◆ **Task to carry out**: Exact copy, pictures excluded: please retype every record below.

········

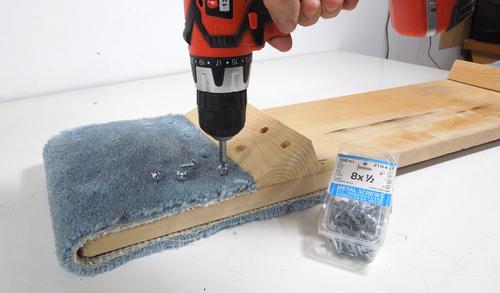The carpet is held on with some 1/2" #8 sheet metal screws with wide flat heads.
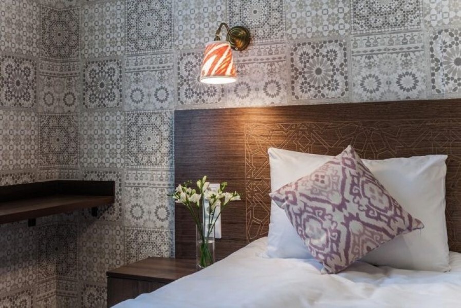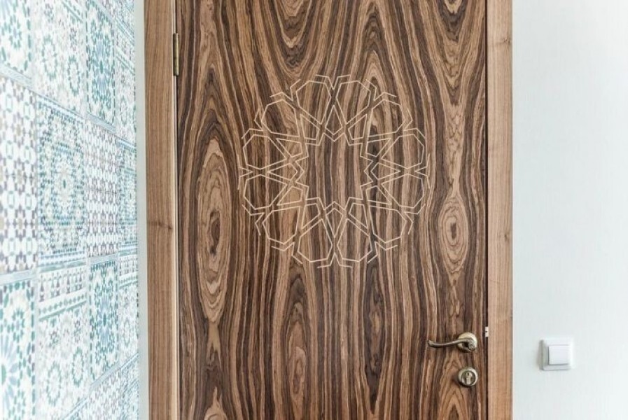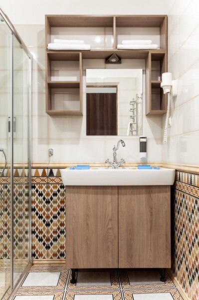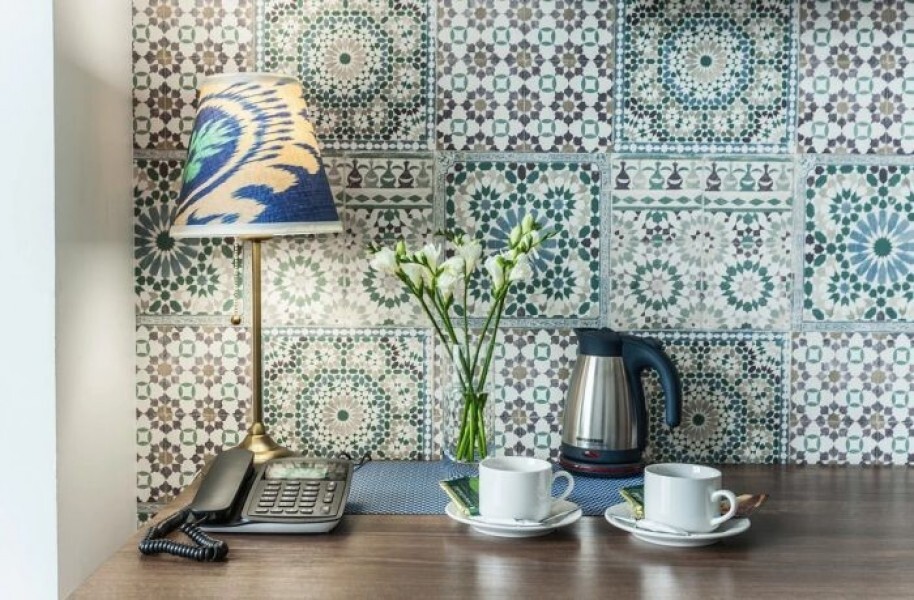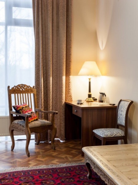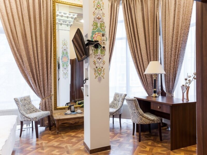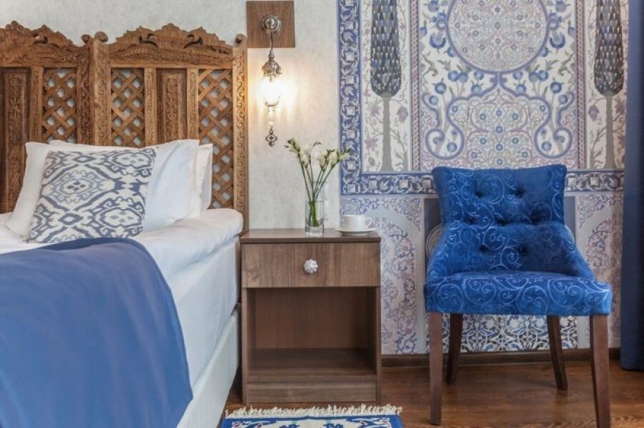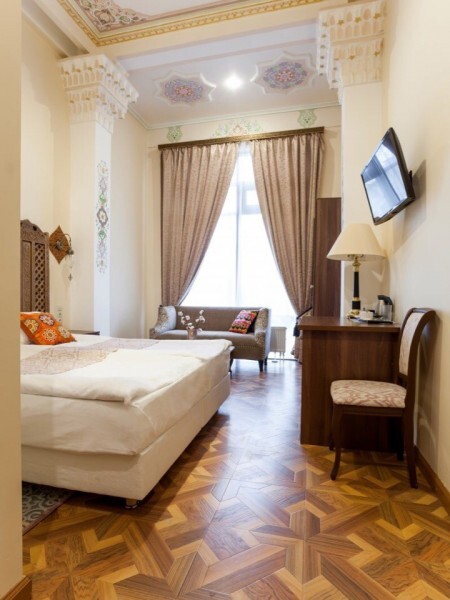 Все номера нашего отеля оформлены в восточном стиле с элементами и арабского, и персидского, и среднеазиатского искусства. В дальнейшем каждому номеру будет присвоено имя одного из городов Шелкового пути по порядку их прохождения, и в зависимости от названия, в номере будут присутствовать особые декоративные элементы или картины. Картины с изображением пейзажей и достопримечательностей стран, территории которых входили в Великий Шелковый Путь, мы планируем также повесить в холле отеля. Интерьер отеля мы старались сделать более уютным, в отличие от ресторана «Навруз», где он более музейный, поэтому технику ганча и росписи почти не использовали, кроме элементов стен в некоторых номерах и потолка в холле отеля, который расписывали приглашенные мастера из Узбекистана. Дизайн-проекта у нас не было, все до мелочей продумывалось самостоятельно: мебель делали на заказ, обои, плитку, светильники и т.д. выбирали тоже лично. Изголовья кроватей во многих номерах привезёны из Хивы, где были вырезаны вручную из уникального и очень прочного дерева Карагач.
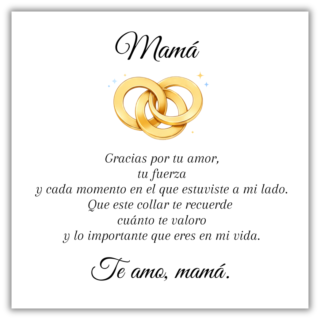 Cada joya incluye su tarjeta con mensaje y su cajita de regalo, cuidadosamente empaquetadas y listas para sorprender.
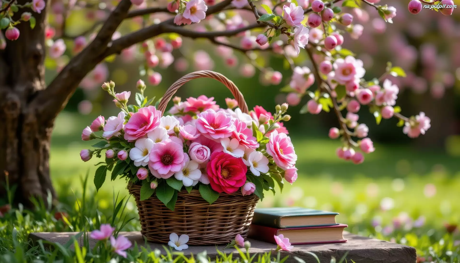 Grafika, Kwiaty, Bukiet, Książki, Koszyk
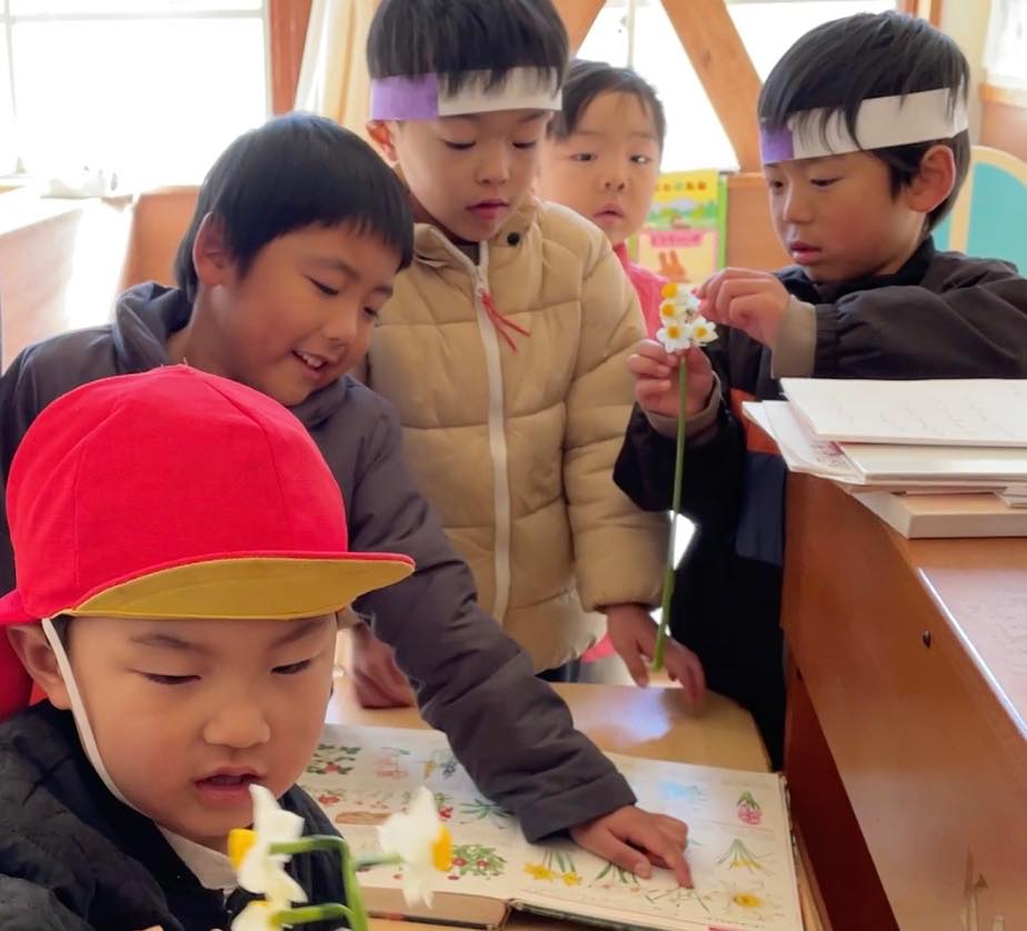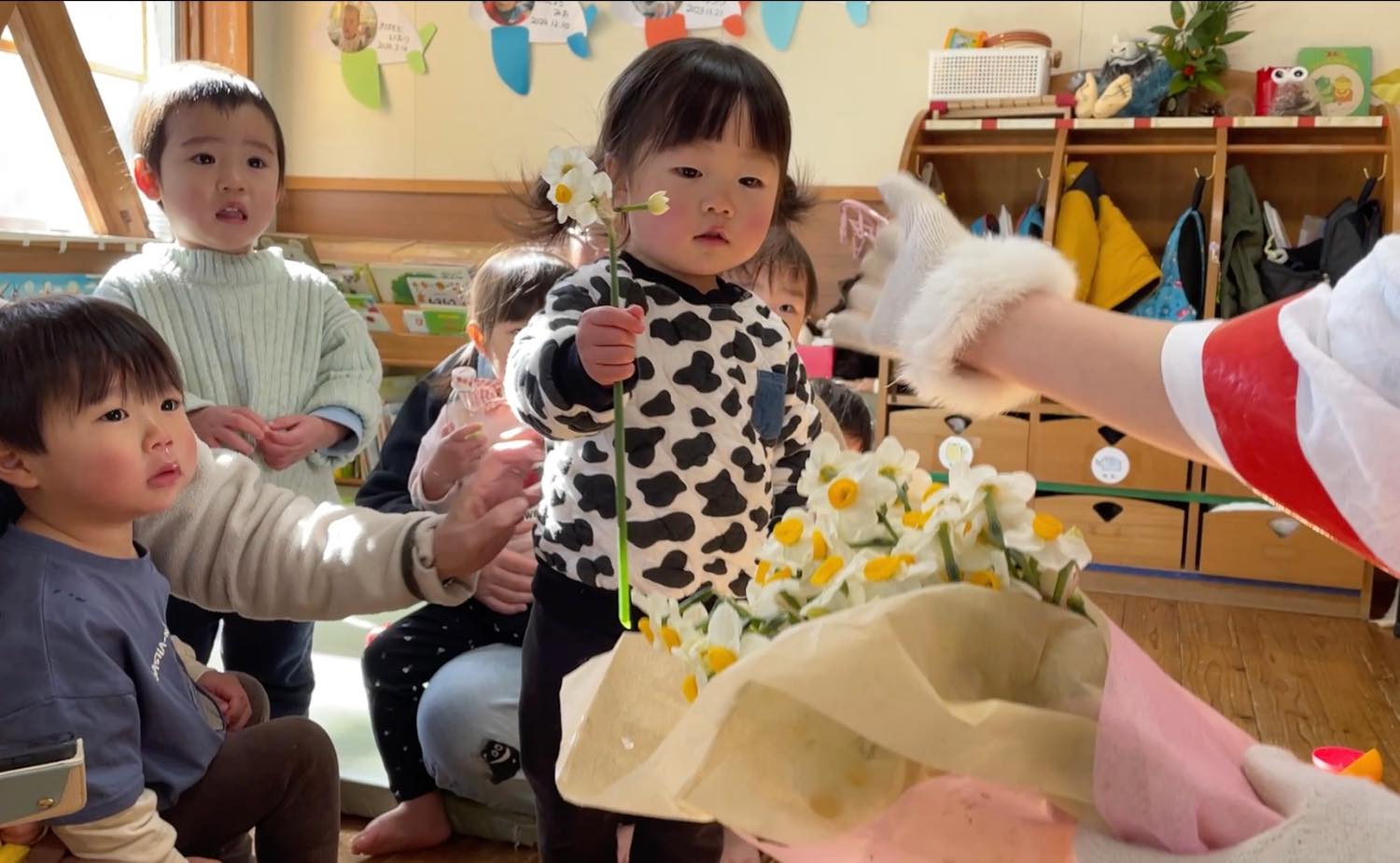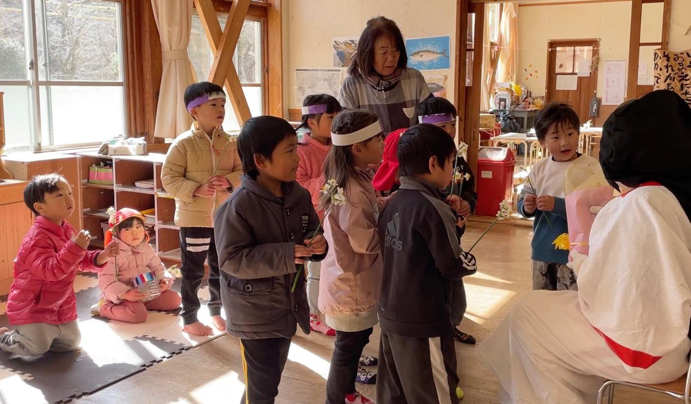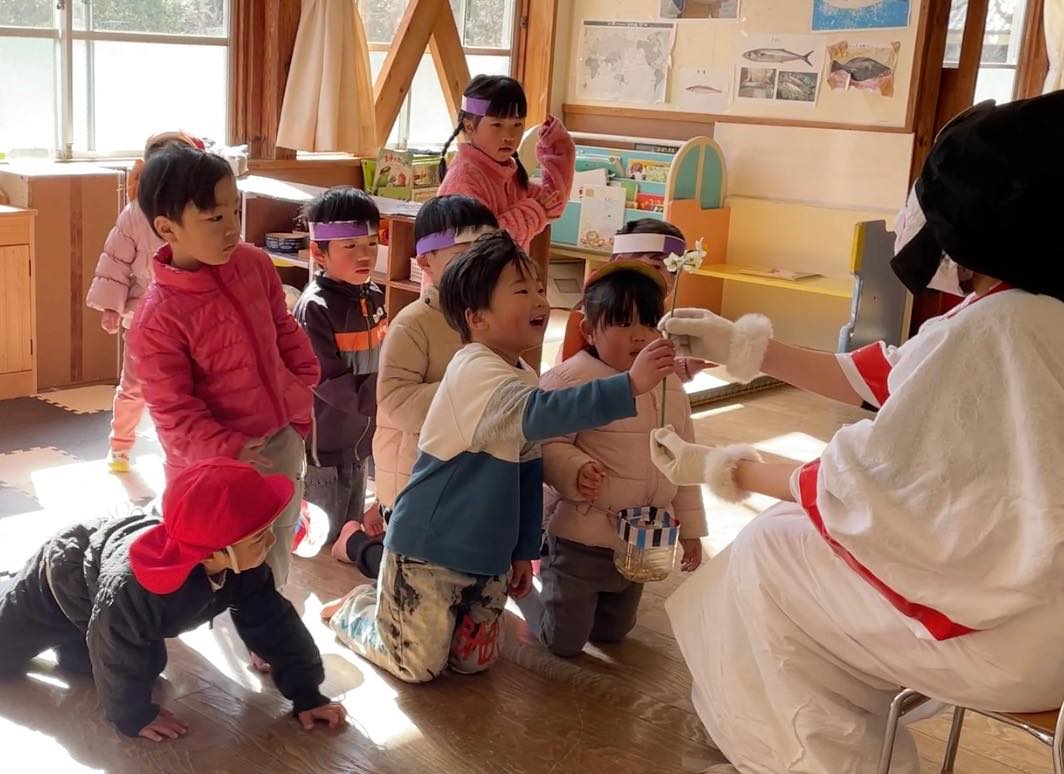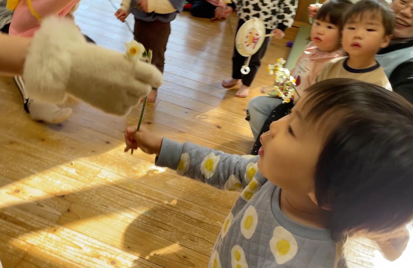 最後には、福の神が舞い降りて、梅の花と水仙の花束。一人一人にお花を一輪ずつ手渡しでくれました。
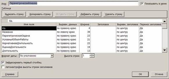Параметрический анализ заключается в том, что имеется некоторый показатель, характеризующий задачу или ресурс, который требуется проанализировать менеджеру проекта. Для реализации параметрического анализа используется одно или несколько настраиваемых полей, при помощи которых вычисляется значение такого показателя. Далее столбец соответствующего настраиваемого поля помещается в таблицу представления задач или ресурсов и выполняется собственно анализ путем сравнения значений или выполнения операций фильтрации, группировки или сортировки данных. Приведенная схема имеет слишком общий вид. Поэтому в качестве примера рассмотрим параметрический анализ длительностей задач. Вопрос оценки длительности задачи имеет важное значение с точки зрения качества планирования проекта. При заниженной длительности исполнителям не хватит времени для ее успешного завершения, в результате фактическая длительность и затраты превысят плановые показатели. Это, в конечном счете, приведет к более позднему завершению проекта и увеличению его бюджета. Завышенная длительность приведет к недозагруженности ресурсов, их нерациональному использованию и неэффективной растрате бюджета. Чтобы правильно оценить длительность задачи, менеджер должен обладать некоторым опытом в области планирования и управления релевантными проекту технологическими процессами. Однако, для некоторых задач существует способ ее оценки, опирающийся на некоторые показатели или характеристики этих задач. Например, длительность кладки стены зависит от количества кирпича (или площади стены), настила полов – от площади пола, ввода данных – от количества элементов данных и т.д. Для таких случаев и используется параметрический анализ длительности. Основной его идеей является назначение задачам некоторого параметра, который назовем УсловныйОбъемРаботы. Кроме него для задачи вводится параметр НормативнаяДлительность, значение которого равно длительности выполнения одной единицы условного объема. Тогда оценку длительности задачи можно рассчитать как произведение условного объема на нормативную длительность. Для реализации параметрического анализа нужно выполнить определенную последовательность действий. 1. Создать настраиваемое поле типа Флаг и назвать его ПараметрическаяЗадача. Это поле должно иметь значение Да для тех задач, длительность которых должна рассчитываться параметрически, и Нет для остальных. 2. Создать настраиваемое поле типа Число и назвать его УсловныйОбъемРаботы. 3. Создать два настраиваемых поля типа Длительность и назвать их НормативнаяДлительность и ОценкаДлительности. 4. Для поля ОценкаДлительности создать формулу, в которой перемножаются УсловныйОбъемРаботы и НормативнаяДлительность. 5. Создать таблицу представления с именем ПараметрическийАнализ, включив в нее поля Ид, Название, ПараметрическаяЗадача, УсловныйОбъемРаботы, НормативнаяДлительность, ОценкаДлитель. Окно создания таблицы представления изображено на рис. 6.4.

········

◆ **Solution**:
The carpet is held on with some 1/2" #8 sheet metal screws with wide flat heads.
 Все номера нашего отеля оформлены в восточном стиле с элементами и арабского, и персидского, и среднеазиатского искусства. В дальнейшем каждому номеру будет присвоено имя одного из городов Шелкового пути по порядку их прохождения, и в зависимости от названия, в номере будут присутствовать особые декоративные элементы или картины. Картины с изображением пейзажей и достопримечательностей стран, территории которых входили в Великий Шелковый Путь, мы планируем также повесить в холле отеля. Интерьер отеля мы старались сделать более уютным, в отличие от ресторана «Навруз», где он более музейный, поэтому технику ганча и росписи почти не использовали, кроме элементов стен в некоторых номерах и потолка в холле отеля, который расписывали приглашенные мастера из Узбекистана. Дизайн-проекта у нас не было, все до мелочей продумывалось самостоятельно: мебель делали на заказ, обои, плитку, светильники и т.д. выбирали тоже лично. Изголовья кроватей во многих номерах привезёны из Хивы, где были вырезаны вручную из уникального и очень прочного дерева Карагач.
 Cada joya incluye su tarjeta con mensaje y su cajita de regalo, cuidadosamente empaquetadas y listas para sorprender.
 Grafika, Kwiaty, Bukiet, Książki, Koszyk
 最後には、福の神が舞い降りて、梅の花と水仙の花束。一人一人にお花を一輪ずつ手渡しでくれました。
Параметрический анализ заключается в том, что имеется некоторый показатель, характеризующий задачу или ресурс, который требуется проанализировать менеджеру проекта. Для реализации параметрического анализа используется одно или несколько настраиваемых полей, при помощи которых вычисляется значение такого показателя. Далее столбец соответствующего настраиваемого поля помещается в таблицу представления задач или ресурсов и выполняется собственно анализ путем сравнения значений или выполнения операций фильтрации, группировки или сортировки данных. Приведенная схема имеет слишком общий вид. Поэтому в качестве примера рассмотрим параметрический анализ длительностей задач. Вопрос оценки длительности задачи имеет важное значение с точки зрения качества планирования проекта. При заниженной длительности исполнителям не хватит времени для ее успешного завершения, в результате фактическая длительность и затраты превысят плановые показатели. Это, в конечном счете, приведет к более позднему завершению проекта и увеличению его бюджета. Завышенная длительность приведет к недозагруженности ресурсов, их нерациональному использованию и неэффективной растрате бюджета. Чтобы правильно оценить длительность задачи, менеджер должен обладать некоторым опытом в области планирования и управления релевантными проекту технологическими процессами. Однако, для некоторых задач существует способ ее оценки, опирающийся на некоторые показатели или характеристики этих задач. Например, длительность кладки стены зависит от количества кирпича (или площади стены), настила полов – от площади пола, ввода данных – от количества элементов данных и т.д. Для таких случаев и используется параметрический анализ длительности. Основной его идеей является назначение задачам некоторого параметра, который назовем УсловныйОбъемРаботы. Кроме него для задачи вводится параметр НормативнаяДлительность, значение которого равно длительности выполнения одной единицы условного объема. Тогда оценку длительности задачи можно рассчитать как произведение условного объема на нормативную длительность. Для реализации параметрического анализа нужно выполнить определенную последовательность действий. 1. Создать настраиваемое поле типа Флаг и назвать его ПараметрическаяЗадача. Это поле должно иметь значение Да для тех задач, длительность которых должна рассчитываться параметрически, и Нет для остальных. 2. Создать настраиваемое поле типа Число и назвать его УсловныйОбъемРаботы. 3. Создать два настраиваемых поля типа Длительность и назвать их НормативнаяДлительность и ОценкаДлительности. 4. Для поля ОценкаДлительности создать формулу, в которой перемножаются УсловныйОбъемРаботы и НормативнаяДлительность. 5. Создать таблицу представления с именем ПараметрическийАнализ, включив в нее поля Ид, Название, ПараметрическаяЗадача, УсловныйОбъемРаботы, НормативнаяДлительность, ОценкаДлитель. Окно создания таблицы представления изображено на рис. 6.4.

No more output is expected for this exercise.